Sunday, July 10, 2011

I Just Need Jesus

I heard a sermon today that knocked me back. He was preaching out of the book of Mark and on the faith of Joseph and the women who came to Jesus' tomb. The part that stood out to me was when Joseph went and asked for Jesus's body. He didn't ask for miracles, signs, and wonders....JUST JESUS. If Jesus never did another good thing for me, would I still follow Him? If all I got was just Jesus, would I have surrendered my life to Him? We are constantly wanting Jesus to do something for us and show us great things but what if we just wanted JESUS? When I pray, do I just pray for more of Him or more of cool things He does. I feel like when I can say all I want is Jesus, my faith will soar.
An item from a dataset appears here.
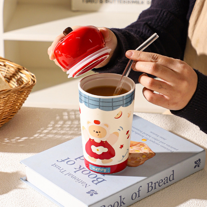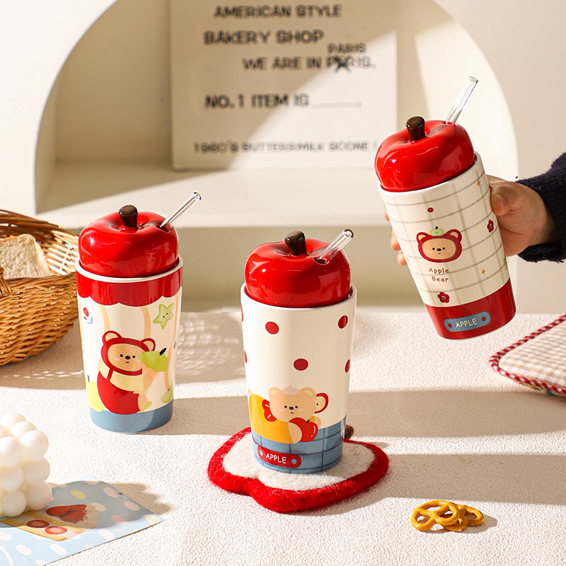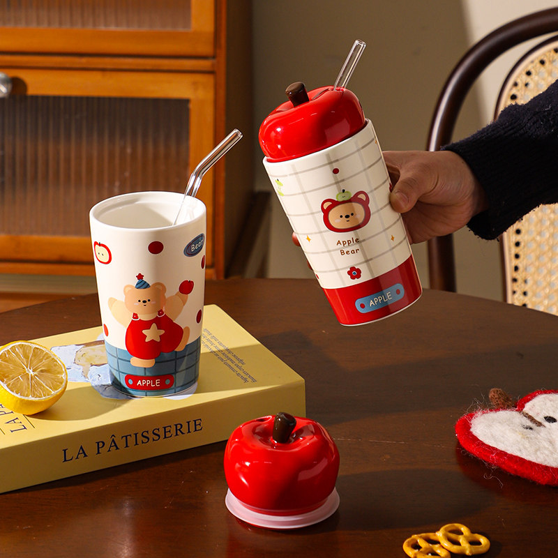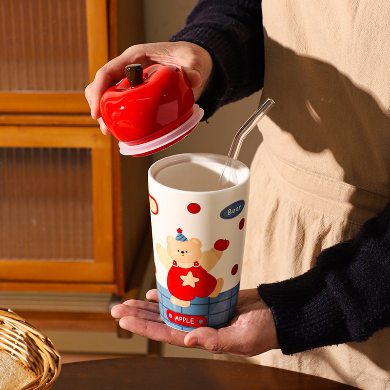 舍里苹果马克杯女带盖陶瓷咖啡杯家用高颜值水杯实用圣诞礼物杯子

My life at this moment is in the air. I have lots of questions I want answered and healing I want to see. Josh and I have no idea what is next and that scares me to death most days. But then there are moments, when Jesus sits with me and whispers...." All you need is me." The calmness and peace is overwhelming in those moments. I like to be comfortable, who doesn't?? I WILL NEVER DO WHAT JESUS HAS FOR ME TO DO IN COMFORT!!!! I never thought I'd say those words. My faith will be based on signs and wonders instead of my Savior who just asks for surrender. So, give me Jesus!!!